Understanding RAG Models
Before diving into the nuances of image understanding and document analysis, let’s briefly touch upon the essence of RAG models. These systems work by first retrieving relevant documents from a vast corpus and then using a generative model to synthesize information into a coherent response. The retrieval component ensures that the model has access to accurate and up-to-date information, while the generative component allows for the creation of human-like text.
Image Understanding and Structure Analysis
The Challenge
One of the most significant limitations of traditional RAG models is their inability to understand and interpret visual data. In a world where images accompany textual information ubiquitously, this represents a substantial gap in the model’s comprehension abilities. Documents are not just strings of text; they have structure — sections, subsections, paragraphs, and lists — all of which convey semantic importance. Traditional RAG models often overlook this hierarchical structure, potentially missing out on understanding the document’s full meaning.
The Solution
To bridge this gap, RAG models can be augmented with Computer Vision (CV) capabilities. This involves integrating image recognition and understanding modules that can analyze visual data, extract relevant information, and convert it into a textual format that the RAG model can process. Incorporating hierarchical document structure analysis involves teaching RAG models to recognize and interpret the underlying structure of documents.
Implementation
Visual Feature Extraction: Use pre-trained neural networks to identify objects, scenes, and activities in images.

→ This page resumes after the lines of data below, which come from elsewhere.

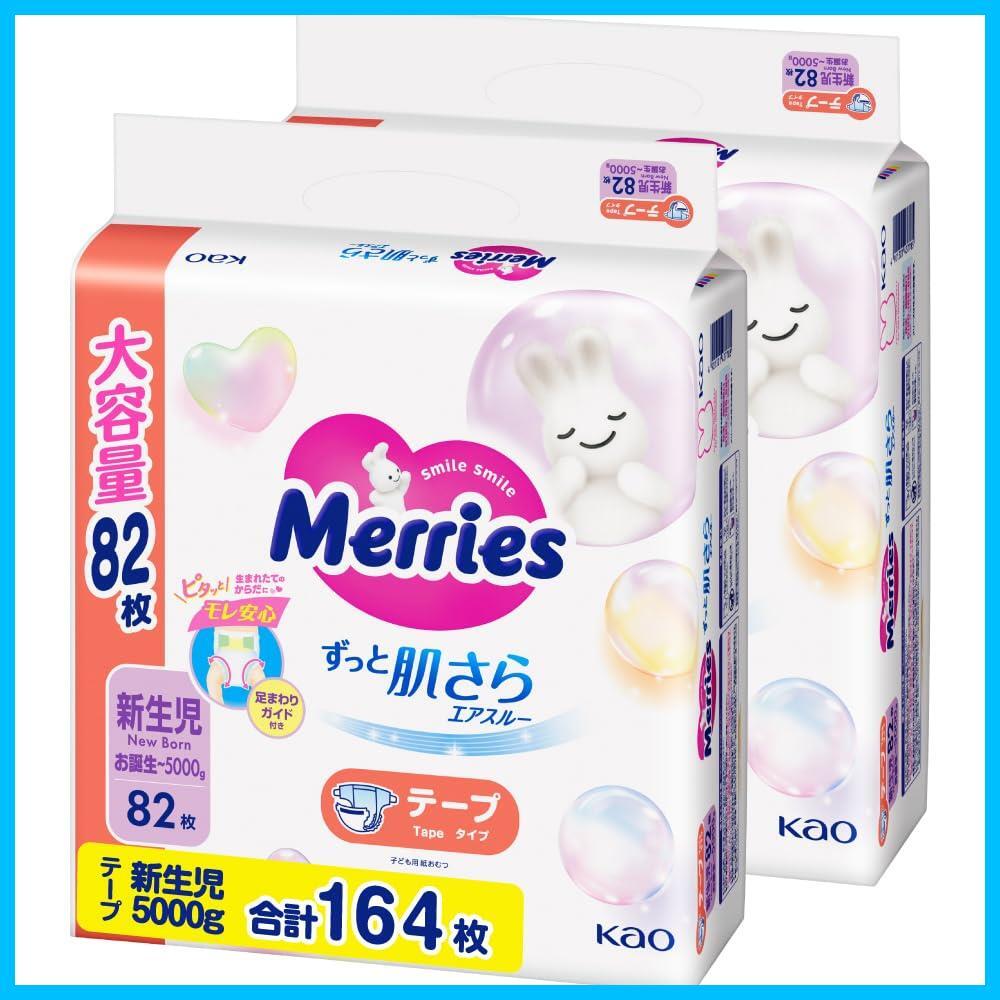 メリーズ Merries 【テープ 新生児用】 オムツ さらさらエアスルー (お誕生~5000g) 164枚 (82枚×2) [ケース品] 【 限定】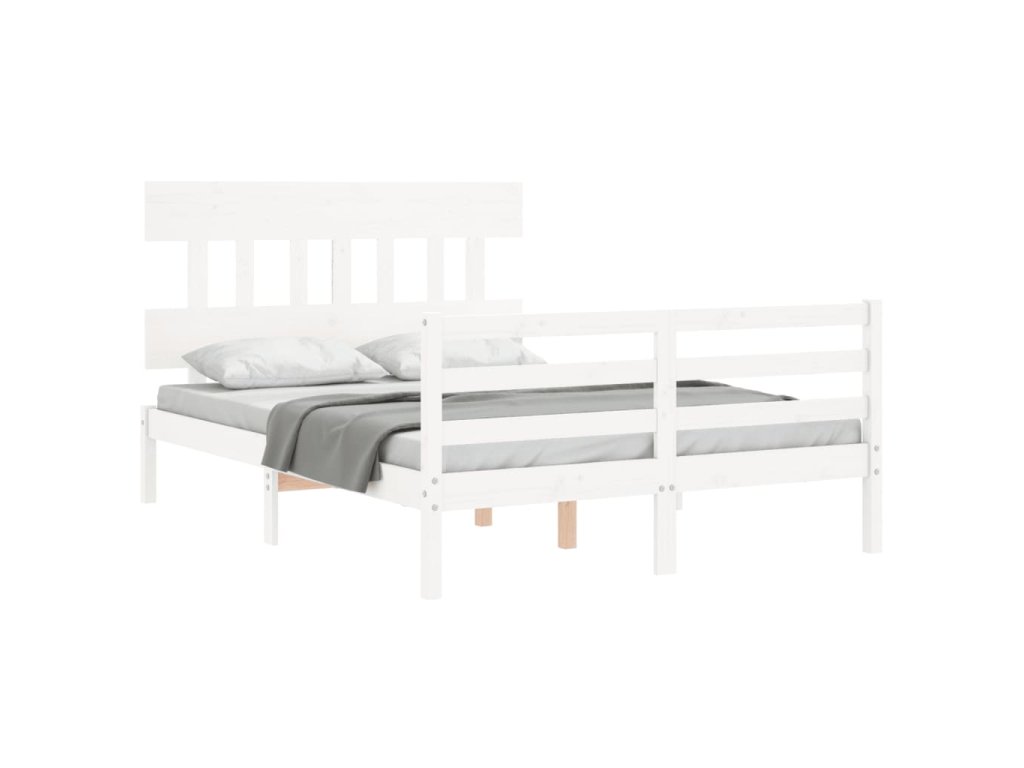 Rám postele s čelem bílý 140 x 200 cm masivní dřevo 3195157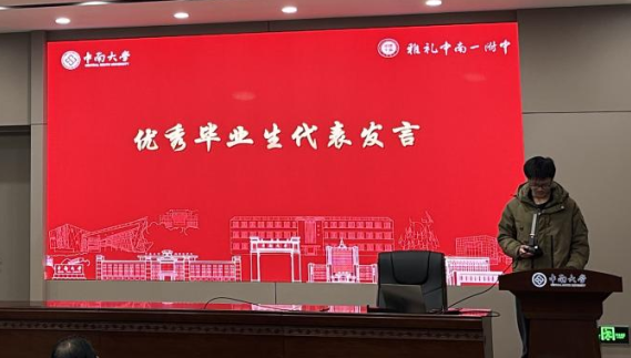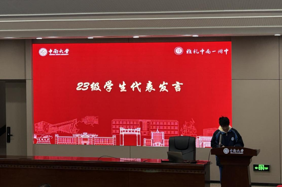 学生代表G2301班袁超宇同学的发言,如晨钟激荡。他坦言学海浮沉的困惑,更抒写同窗互助的温暖,字句间流淌着“慎终如始,逐梦无悔”的信念。少年的声音清亮而坚定,恰似破土新竹,直指苍穹。

Visual Semantics: Develop algorithms that can understand the context and semantics of the visual content.
Multimodal Data Fusion: Combine the extracted visual information with textual data to create a multimodal context for the RAG system.
Structure Recognition: Implement algorithms to identify different levels of hierarchy in documents, such as titles, headings, and bullet points.

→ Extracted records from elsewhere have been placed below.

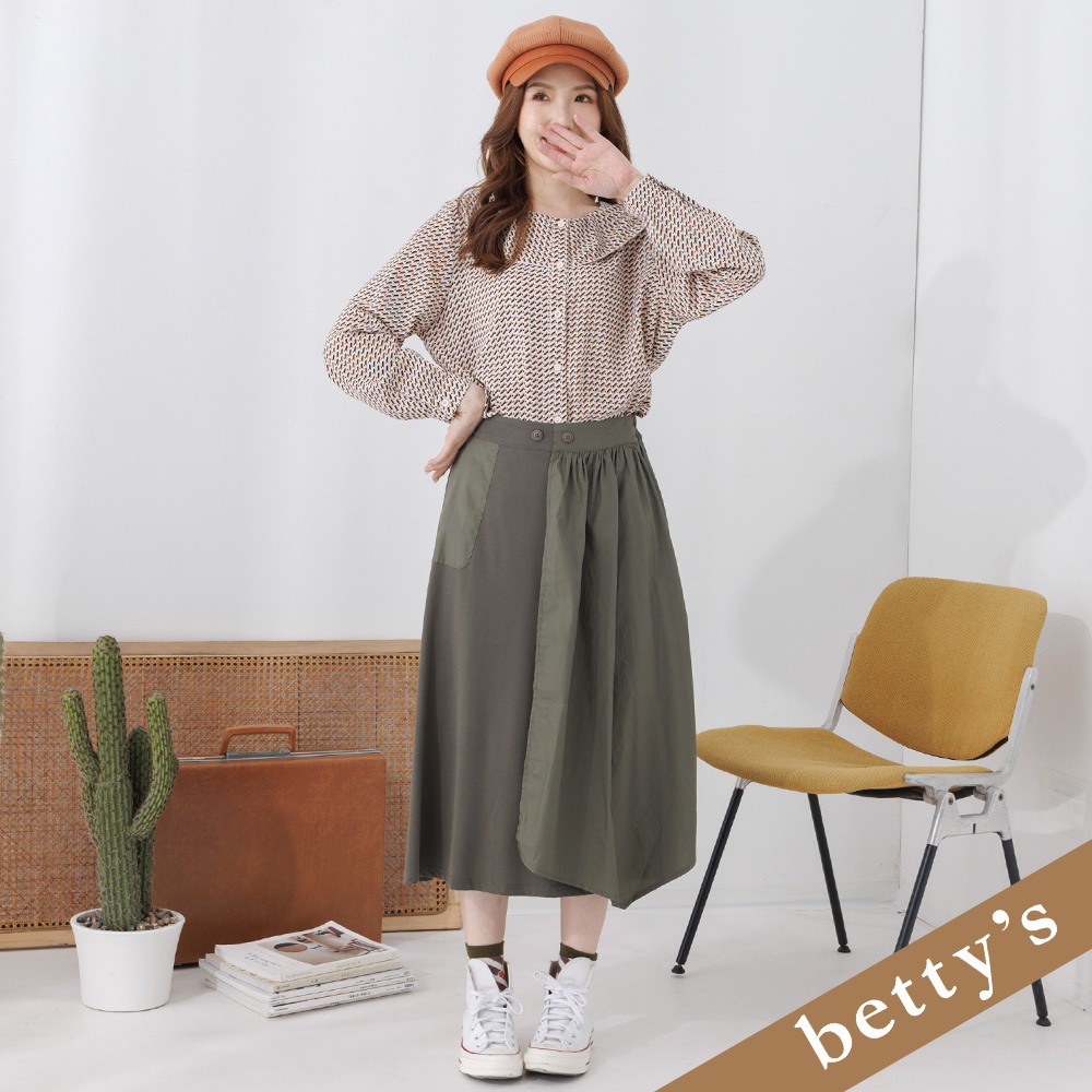 betty’s貝蒂思(15)圓領拼接百褶造型上衣(白色)白色,M|白色,LT-shirtsbetty’s貝蒂思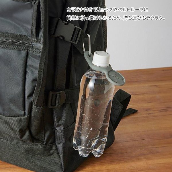 | ペットボトルやタオルを差し込み、 カラビナでリュックなどに付けられます。 | |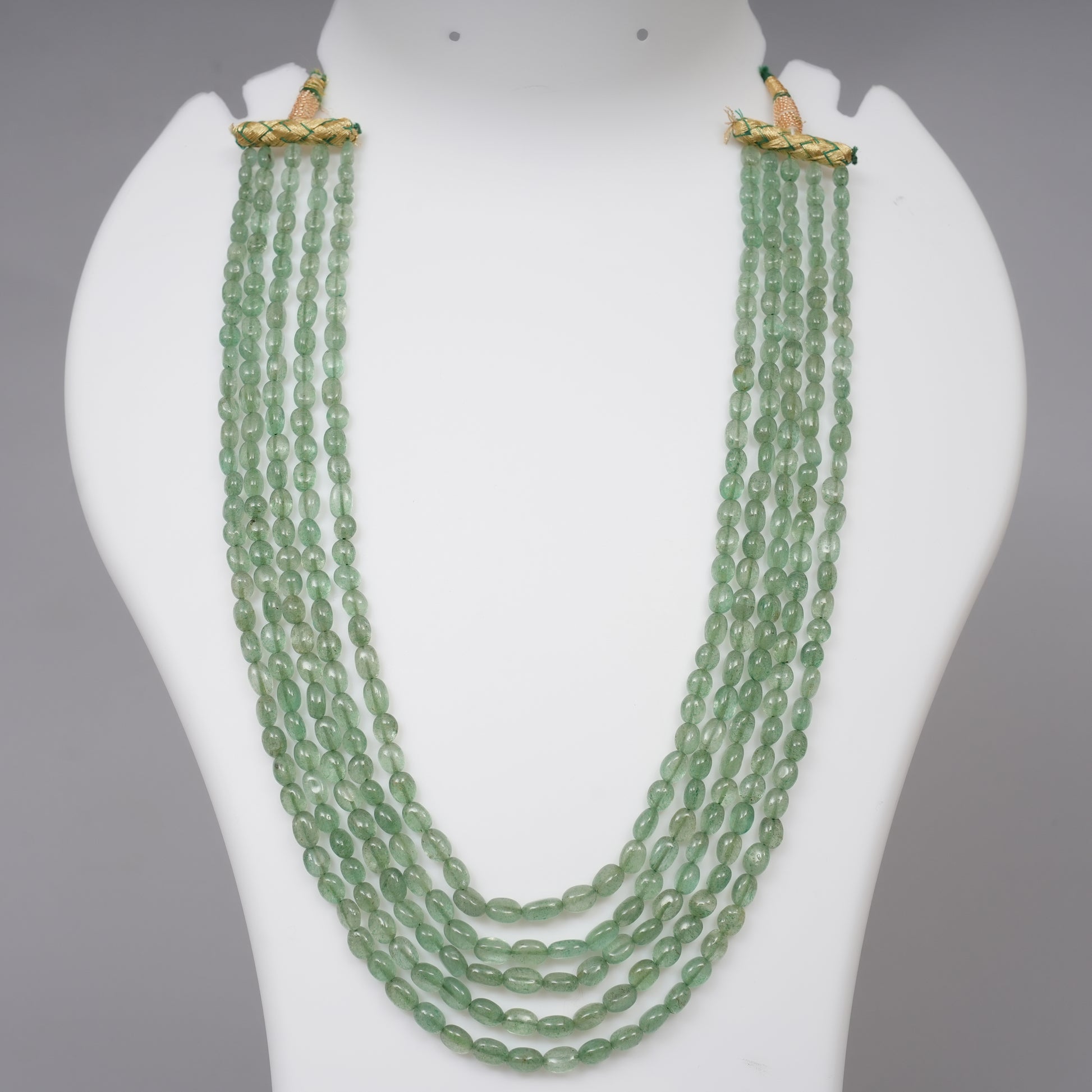 Add a splash of fresh elegance with this Natural Green Strawberry Quartz Necklace. Featuring smooth oval beads, this 5-strand piece reflects a soft, earthy green with subtle inclusions that give it a distinct character and charm.

Semantic Role Labeling: Assign semantic roles to different parts of the document, understanding the purpose of each section.
Structure-Aware Retrieval: Enhance the retrieval process by considering the hierarchical structure of documents, ensuring that the most relevant sections are used for generation.

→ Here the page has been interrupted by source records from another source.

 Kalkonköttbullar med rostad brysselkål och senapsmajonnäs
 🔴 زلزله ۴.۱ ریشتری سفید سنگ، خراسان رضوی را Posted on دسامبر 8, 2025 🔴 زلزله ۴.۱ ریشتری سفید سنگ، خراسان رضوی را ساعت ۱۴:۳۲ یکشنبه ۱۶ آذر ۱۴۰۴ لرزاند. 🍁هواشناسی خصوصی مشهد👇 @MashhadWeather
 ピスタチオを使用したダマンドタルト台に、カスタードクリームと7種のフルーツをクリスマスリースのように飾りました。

In this blog we will look at how do we implement this using Azure Document Intelligence, LangChain and Azure OpenAI.
Prerequisites
Before we implement this we will require some prerequisites
GPT-4-Vision-Preview model deployed
GPT-4–1106-Preview model deployed
text-ada-embedding model deployed
Azure Document Intelligence deployed
Once we have the above information , lets get started !!
Let’s import the required libraries.
import os
from dotenv import load_dotenv
load_dotenv(‘azure.env’)
from langchain import hub
from langchain_openai import AzureChatOpenAI
#from langchain_community.document_loaders import AzureAIDocumentIntelligenceLoader
from doc_intelligence import AzureAIDocumentIntelligenceLoader
from langchain_openai import AzureOpenAIEmbeddings
from langchain.schema import StrOutputParser
from langchain.schema.runnable import RunnablePassthrough
from langchain.text_splitter import MarkdownHeaderTextSplitter
from langchain.vectorstores.azuresearch import AzureSearch
from azure.ai.documentintelligence.models import DocumentAnalysisFeature
Now we are going to write some custom function on top of LangChain Document Loader which can help us Load the PDF document. First thing we do is using Azure Document Intelligence which has the this beautiful feature of converting Image to Markdown format. Lets use the same.
import logging
from typing import Any, Iterator, List, Optional
import os
from langchain_core.documents import Document
from langchain_community.document_loaders.base import BaseLoader
from langchain_community.document_loaders.base import BaseBlobParser
from langchain_community.document_loaders.blob_loaders import Blob
logger = logging.getLogger(__name__)
class AzureAIDocumentIntelligenceLoader(BaseLoader):
“””Loads a PDF with Azure Document Intelligence”””
def __init__(
self,
api_endpoint: str,
api_key: str,
file_path: Optional[str] = None,
url_path: Optional[str] = None,
api_version: Optional[str] = None,
api_model: str = “prebuilt-layout”,
mode: str = “markdown”,
*,
analysis_features: Optional[List[str]] = None,
) -> None:
“””
Initialize the object for file processing with Azure Document Intelligence
(formerly Form Recognizer).
This constructor initializes a AzureAIDocumentIntelligenceParser object to be
used for parsing files using the Azure Document Intelligence API. The load
method generates Documents whose content representations are determined by the
mode parameter.
Parameters:
———–
api_endpoint: str
The API endpoint to use for DocumentIntelligenceClient construction.
api_key: str
The API key to use for DocumentIntelligenceClient construction.
file_path : Optional[str]
The path to the file that needs to be loaded.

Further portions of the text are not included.